The present work addresses the function of the communal apartment in Irina Grekova’s Vdovij paroxod and in the works of Nina Sadur. In both authors’ works the communal apartment serves as a spatial metaphor for a disrupted society, either in part because of the effects of World War II as is the case in Grekova’s novel, or because of the collapse of the promise of Soviet society as portrayed in Sadur’s works. One of the primary dysfunctions of the communal apartment is the requirement of sharing intimate spaces with non-intimates. This intrusion of the public into the personal lessens the likelihood that communal dwellers would conceive of their homes as a “shelter for daydreaming.” In Sadur’s novel, Almaznaja dolina, one of the characters can be heard crying at night after being beaten by one of her lovers, phone conversations are heard in detail, neighbors will walk in another’s room without knocking. When one must always be prepared for public interaction, it is difficult to find a safe space for daydreaming. Another dysfunction of the communal apartment is its sense of impermanence and instability, despite the fact that so many people have lived their entire lives in such places. This sense of instability is most plainly seen in Grekova’s novel, the title of which emphasizes the transient nature of communal apartments.
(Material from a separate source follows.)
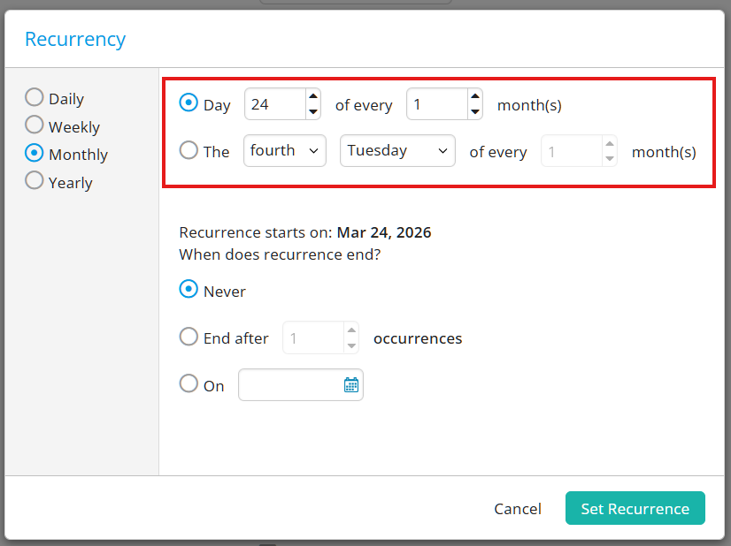 After selecting the base frequency, you can specify more direct details regarding the recurrence of the event. For example, for a Monthly recurrence, you can have the event recur: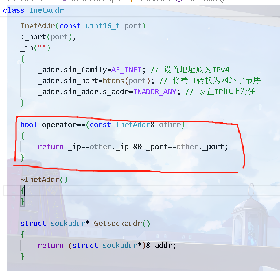 我们这里分别给基类与父类都重载了一个与InetAddr类型做比较的函数。但是我们的InetAddr内部之前并没有重载他的比较好函数,所以我们也需要给InetAddr重载一个:

Both Grekova and Sadur show the difficulties of life in a communal apartment, however, they both show that it is possible to maintain one’s humanity living in such an unpleasant place. Sadur herself managed to create powerful works, such as Čudesnye znaki spasen’ja and “Siniaia ruka,” in part because of her experiences in a communal apartment. Nonetheless, even in its most positive realizations, if such realizations exist, the communal apartment must be seen as antithetical to the creative process, if we are to follow Bachelard description of the main function of the home.
Bachelard, Gaston. The Poetics of Space. Trans. Maria Jolas. Boston: Beacon Press, 1994.